For all of 2009, Hyundai recorded a net profit of 2.96 trillion won, more than doubling from 1.45 trillion won in 2008.
Sales for the year, however, fell 1 percent to 31.9 trillion won from 32.2 trillion. The numbers of vehicles sold rose 11.7 percent to a record 3.11 million from 2.78 million the year before.
Hyundai reported big gains in sales volume in China and India in 2009. It also said that profits in China surged while in India it made money after a loss the year before.
Auto sales in China soared 93.6 percent in 2009 with revenue more than doubling, Hyundai said. In India auto sales rose 14.4 percent and revenue gained 28.7 percent.
Also boosting the bottom line was a sharp drop in foreign exchange-related losses to 97 billion won in 2009 compared with 380 billion won the year before.
The company attributed the drop in sales revenue to reduced exports from its domestic factories.
Hyundai, which along with affiliate Kia Motors Corp. forms the world's fifth-largest automotive group, has seen its market share grow worldwide in recent years through an emphasis on quality and design.

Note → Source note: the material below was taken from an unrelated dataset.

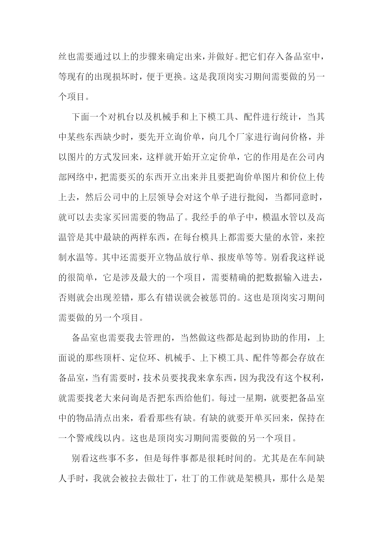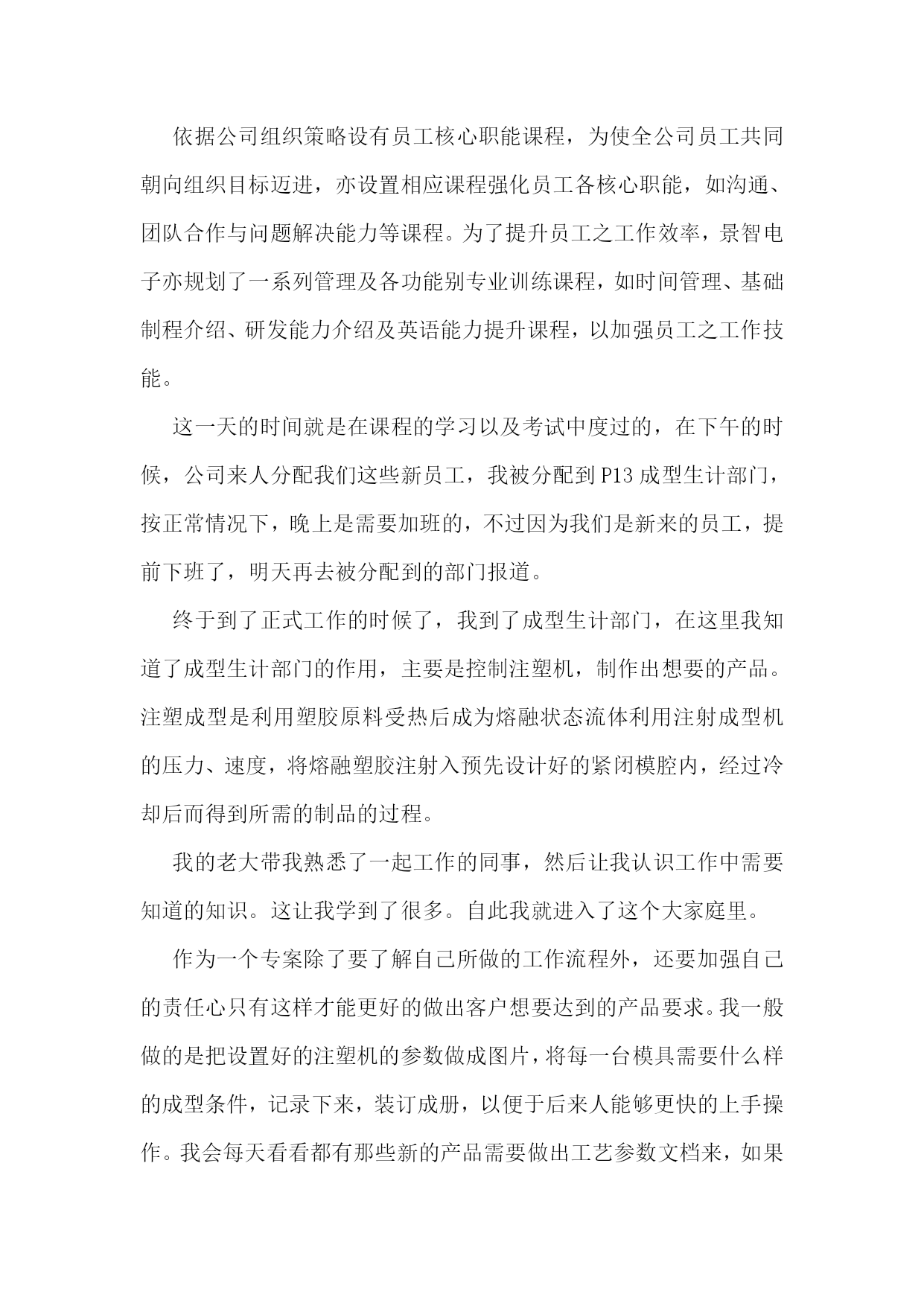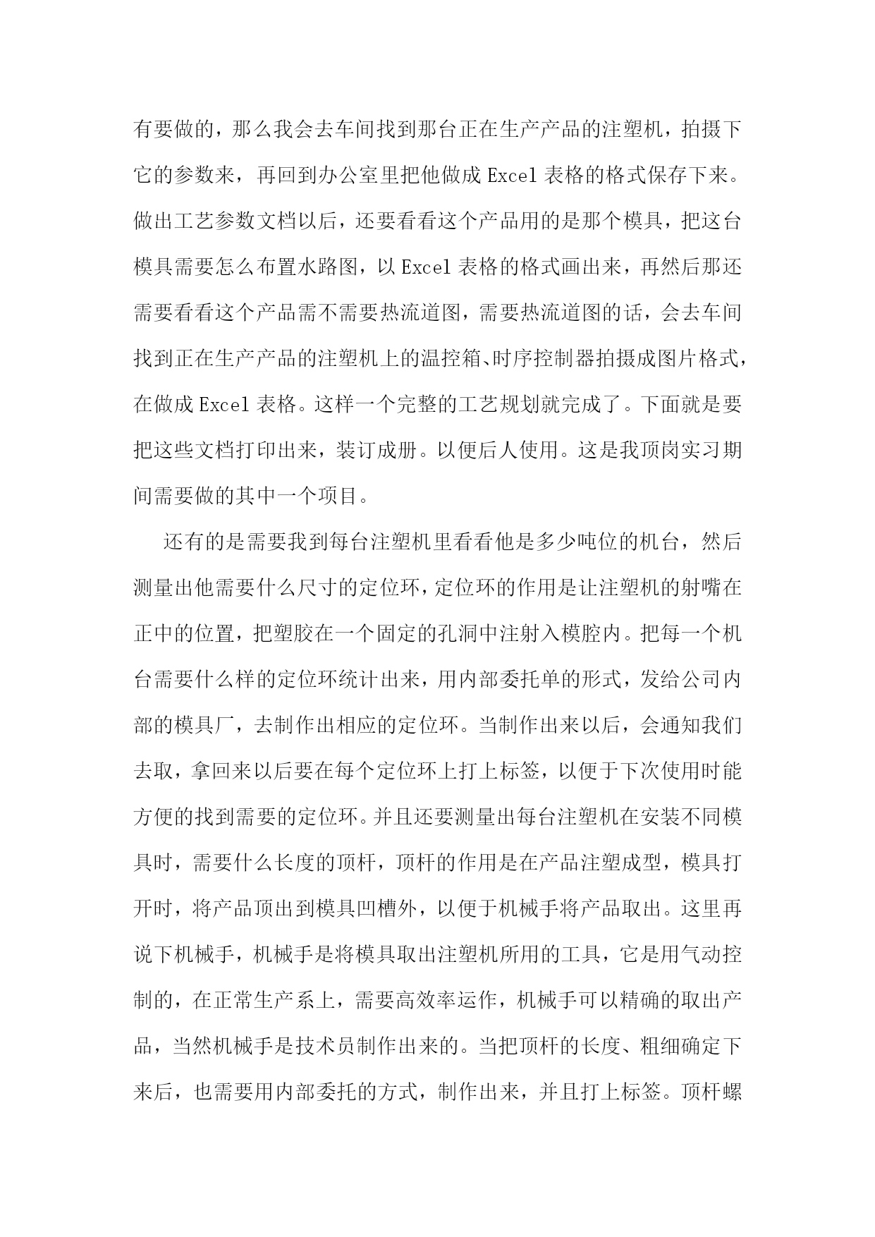 机电一体化实习总结精彩7篇机电一体化实习报告篇一一、实习目的:1、通过工作实习加深了对机电一体化专业认识,巩固了专业思想,激发了学习热情。2.熟悉公司工作流程、专业涉及的工作要领。为以后走上更好的工作岗位积累一定的知识和经验。3、开拓我们的视野,增强了专业知识,锻炼了独立工作的能力,拓展了更广的知识和业务。通过现场的工作实习和企业员工的交流指导,理论联系实际,把所学的理论知识加以印证、深化、巩固和充实,培养分析、解决工程实际问题的能力,为后继的学习以及其他方面的深入了解打下了坚实的基础。二、实习情况介绍:1、公司简介:岗位介绍:专案是一个特殊的将被完成的有限任务,它是在一定的时间内、满足一系列特定目标的多项相关工作的总称。专案是台湾惯用名词,在国内专案相当于项目。专案包括三层含义:(1)专案是一项有待完成的任务,有特定的环境与要求;(2)在一定组织结构内,利用有限的资源(包括人力、物力和财力等)在规定的时间内完成任务;(3)任务是满足一定性能、质量、数量和技术指标等要求。对照IT企业的工作内容,基本都可以称之爲专案,因此对这些工作的管理,均可以采用专案管理的方法。专案就是要完成的一个具体任务,一旦这个任务完成,这个专案的使命就完成了。专案受到周围环境的影响,而且环境对专案的执行有一定的约束,例如考虑到和其他专案的相容,必须采用的技术和开发理念等等。为了完成专案的任务,必须要组建一支团队,团队成员分工合作以完成各个分目标,进而实现总体目标。专案对资源有一定的要求,这些要求包括人力资源的技术能力和数量要求,配备什麽样的设备和数量,完成专案目标需要多少费用,以及这些资金的分配情况等。3、工作介绍:主要工作是协助公司完成后勤规划管理的项目。主要分为(1)机械手配件统计管理;(2)机台定位环统计管理;(3)技术员用备品管理请购;(4)备品室进出管理。其中还兼职架立模具。三、实习时间及地点:20xx年11月----20xx年6月在厦门景智电子股份有限公司进行顶岗实习。四、实习内容:开始的第一天是新人培训,新人培训是为了协助新进人员融入景智大家庭,快速上手工作,不仅由部门资深人员担任辅导员,作为职场生活/专业上的指导者:另有集团文化训练及公司新进人员教育训练,作为熟悉本集团核心价值、文化及基本工作流程须知的引导课程。人力资源部及职业发展辅导员引导员工从学生到职场人的顺利过渡,给员工一个清晰的职业发展方向。依据公司组织策略设有员工核心职能课程,为使全公司员工共同朝向组织目标迈进,亦设置相应课程强化员工各核心职能,如沟通、团队合作与问题解决能力等课程。为了提升员工之工作效率,景智电子亦规划了一系列管理及各功能别专业训练课程,如时间管理、基础制程介绍、研发能力介绍及英语能力提升课程,以加强员工之工作技能。这一天的时间就是在课程的学习以及考试中度过的,在下午的时候,公司来人分配我们这些新员工,我被分配到P13成型生计部门,按正常情况下,晚上是需要加班的,不过因为我们是新来的员工,提前下班了,明天再去被分配到的部门报道。终于到了正式工作的时候了,我到了成型生计部门,在这里我知道了成型生计部门的作用,主要是控制注塑机,制作出想要的产品。注塑成型是利用塑胶原料受热后成为熔融状态流体利用注射成型机的压力、速度,将熔融塑胶注射入预先设计好的紧闭模腔内,经过冷却后而得到所需的制品的过程。我的老大带我熟悉了一起工作的同事,然后让我认识工作中需要知道的知识。这让我学到了很多。自此我就进入了这个大家庭里。作为一个专案除了要了解自己所做的工作流程外,还要加强自己的责任心只有这样才能更好的做出客户想要达到的产品要求。我一般做的是把设置好的注塑机的参数做成图片,将每一台模具需要什么样的成型条件,记录下来,装订成册,以便于后来人能够更快的上手操作。我会每天看看都有那些新的产品需要做出工艺参数文档来,如果有要做的,那么我会去车间找到那台正在生产产品的注塑机,拍摄下它的参数来,再回到办公室里把他做成Excel表格的格式保存下来。做出工艺参数文档以后,还要看看这个产品用的是那个模具,把这台模具需要怎么布置水路图,以Excel表格的格式画出来,再然后那还需要看看这个产品需不需要热流道图,需要热流道图的话,会去车间找到正在生产产品的注塑机上的温控箱、时序控制器拍摄成图片格式,在做成Excel表格。这样一个完整的工艺规划就完成了。下面就是要把这些文档打印出来,装订成册。以便后人使用。这是我顶岗实习期间需要做的其中一个项目。还有的是需要我到每台注塑机里看看他是多少吨位的机台,然后测量出他需要什么尺寸的定位环,定位环的作用是让注塑机的射嘴在正中的位置,把塑胶在一个固定的孔洞中注射入模腔内。把每一个机台需要什么样的定位环统计出来,用内部委托单的

Hyundai's global market share rose to 5.2 percent in 2009 from 4.3 percent the year before, according to company spokesman Ki Jin-ho. The company is targeting an increase to 5.4 percent this year, he said.
Regarding recall woes at Toyota Motor Corp., Ki said Hyundai had no special strategy to seize market share from its Japanese rival.
"We are focused on our very basic strategy, like quality and brand," he said.
Both Hyundai and Kia have expanded aggressively overseas. Hyundai has factories in China, India, Turkey, the U.S. and the Czech Republic. Kia has plants in China and Slovakia and began production in the United States last year.
Shares in Hyundai Motor, which released results during afternoon trading, rose 4.1 percent to close at 113,500 won. The stock price tripled in 2009.